» **WORK INSTRUCTIONS**
Copy out exactly the lines spanning the line with "どうしてもやる気が出ない時に" to the line with "21:50巡邏車和消防車同時", inclusive, from the data underneath, with no pictures.

» **EXTRACTED DATA**
--------------------

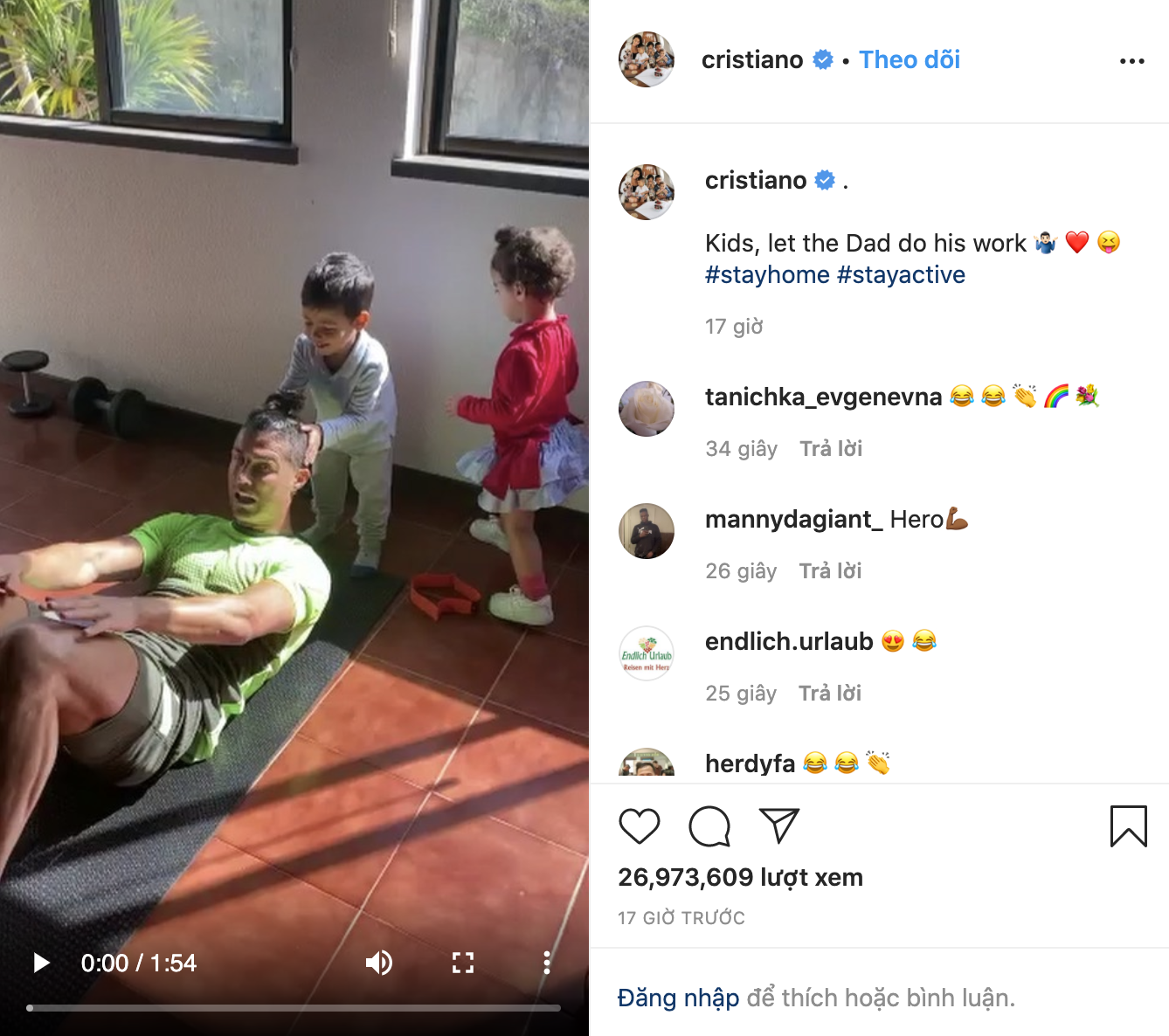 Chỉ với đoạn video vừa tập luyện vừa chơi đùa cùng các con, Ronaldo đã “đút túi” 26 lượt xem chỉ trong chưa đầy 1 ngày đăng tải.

--------------------

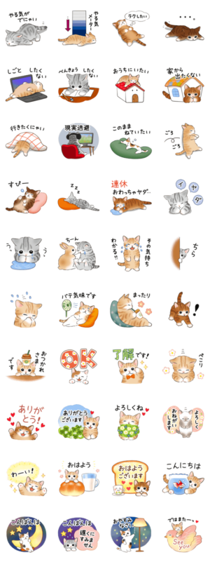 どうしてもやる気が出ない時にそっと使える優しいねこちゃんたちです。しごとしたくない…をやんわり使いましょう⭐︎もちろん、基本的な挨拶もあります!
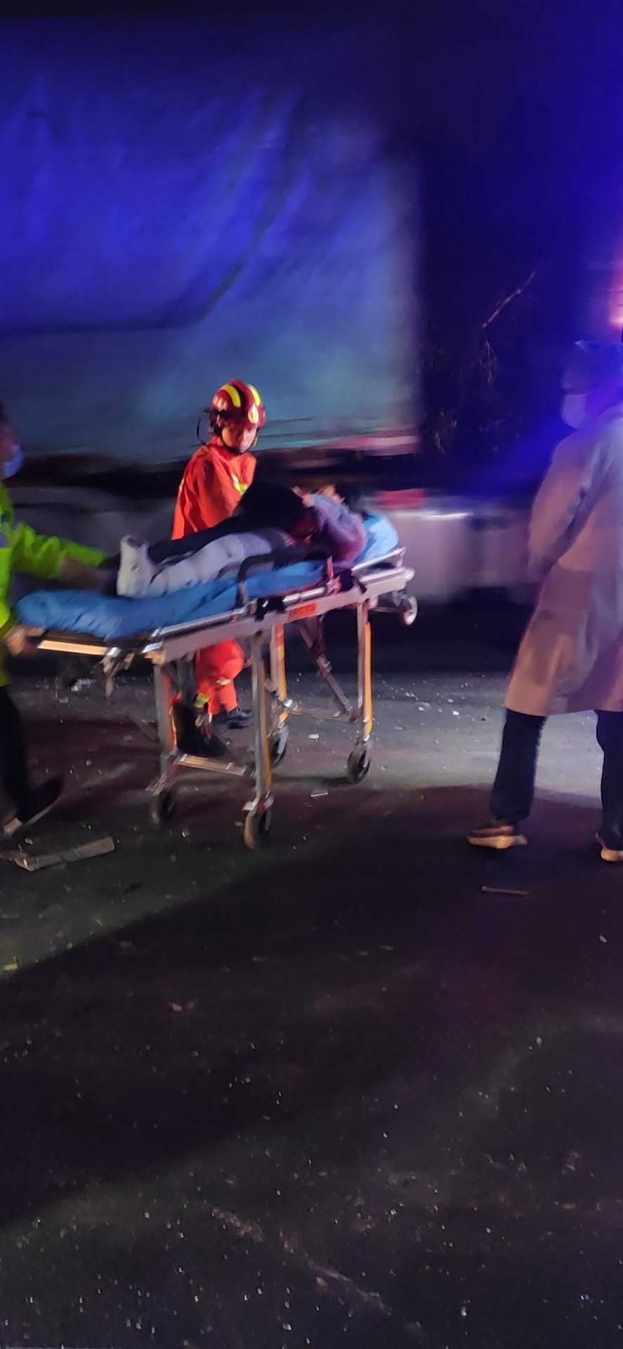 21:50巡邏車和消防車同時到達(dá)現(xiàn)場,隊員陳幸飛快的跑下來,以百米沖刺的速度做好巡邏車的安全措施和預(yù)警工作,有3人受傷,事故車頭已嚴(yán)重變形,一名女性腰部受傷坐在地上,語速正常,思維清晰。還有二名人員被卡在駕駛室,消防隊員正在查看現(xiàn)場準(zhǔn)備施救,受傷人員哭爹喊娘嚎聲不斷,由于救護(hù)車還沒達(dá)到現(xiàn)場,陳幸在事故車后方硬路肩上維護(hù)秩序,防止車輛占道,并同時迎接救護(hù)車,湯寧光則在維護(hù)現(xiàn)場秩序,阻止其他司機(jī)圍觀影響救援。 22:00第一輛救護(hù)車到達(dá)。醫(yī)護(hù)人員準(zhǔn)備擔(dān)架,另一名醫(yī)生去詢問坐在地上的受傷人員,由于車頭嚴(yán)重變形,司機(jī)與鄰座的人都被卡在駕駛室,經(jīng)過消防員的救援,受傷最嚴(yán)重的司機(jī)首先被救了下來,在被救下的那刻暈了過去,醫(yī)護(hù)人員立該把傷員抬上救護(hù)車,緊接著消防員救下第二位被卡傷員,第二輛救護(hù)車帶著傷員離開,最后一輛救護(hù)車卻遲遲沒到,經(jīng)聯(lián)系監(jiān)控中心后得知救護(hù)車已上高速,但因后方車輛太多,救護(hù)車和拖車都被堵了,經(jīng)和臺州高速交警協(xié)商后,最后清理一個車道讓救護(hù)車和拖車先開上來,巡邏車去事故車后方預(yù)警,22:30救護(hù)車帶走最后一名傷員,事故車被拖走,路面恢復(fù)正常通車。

--------------------

» **WRITTEN ANSWER**
 どうしてもやる気が出ない時にそっと使える優しいねこちゃんたちです。しごとしたくない…をやんわり使いましょう⭐︎もちろん、基本的な挨拶もあります!
 21:50巡邏車和消防車同時到達(dá)現(xiàn)場,隊員陳幸飛快的跑下來,以百米沖刺的速度做好巡邏車的安全措施和預(yù)警工作,有3人受傷,事故車頭已嚴(yán)重變形,一名女性腰部受傷坐在地上,語速正常,思維清晰。還有二名人員被卡在駕駛室,消防隊員正在查看現(xiàn)場準(zhǔn)備施救,受傷人員哭爹喊娘嚎聲不斷,由于救護(hù)車還沒達(dá)到現(xiàn)場,陳幸在事故車后方硬路肩上維護(hù)秩序,防止車輛占道,并同時迎接救護(hù)車,湯寧光則在維護(hù)現(xiàn)場秩序,阻止其他司機(jī)圍觀影響救援。 22:00第一輛救護(hù)車到達(dá)。醫(yī)護(hù)人員準(zhǔn)備擔(dān)架,另一名醫(yī)生去詢問坐在地上的受傷人員,由于車頭嚴(yán)重變形,司機(jī)與鄰座的人都被卡在駕駛室,經(jīng)過消防員的救援,受傷最嚴(yán)重的司機(jī)首先被救了下來,在被救下的那刻暈了過去,醫(yī)護(hù)人員立該把傷員抬上救護(hù)車,緊接著消防員救下第二位被卡傷員,第二輛救護(hù)車帶著傷員離開,最后一輛救護(hù)車卻遲遲沒到,經(jīng)聯(lián)系監(jiān)控中心后得知救護(hù)車已上高速,但因后方車輛太多,救護(hù)車和拖車都被堵了,經(jīng)和臺州高速交警協(xié)商后,最后清理一個車道讓救護(hù)車和拖車先開上來,巡邏車去事故車后方預(yù)警,22:30救護(hù)車帶走最后一名傷員,事故車被拖走,路面恢復(fù)正常通車。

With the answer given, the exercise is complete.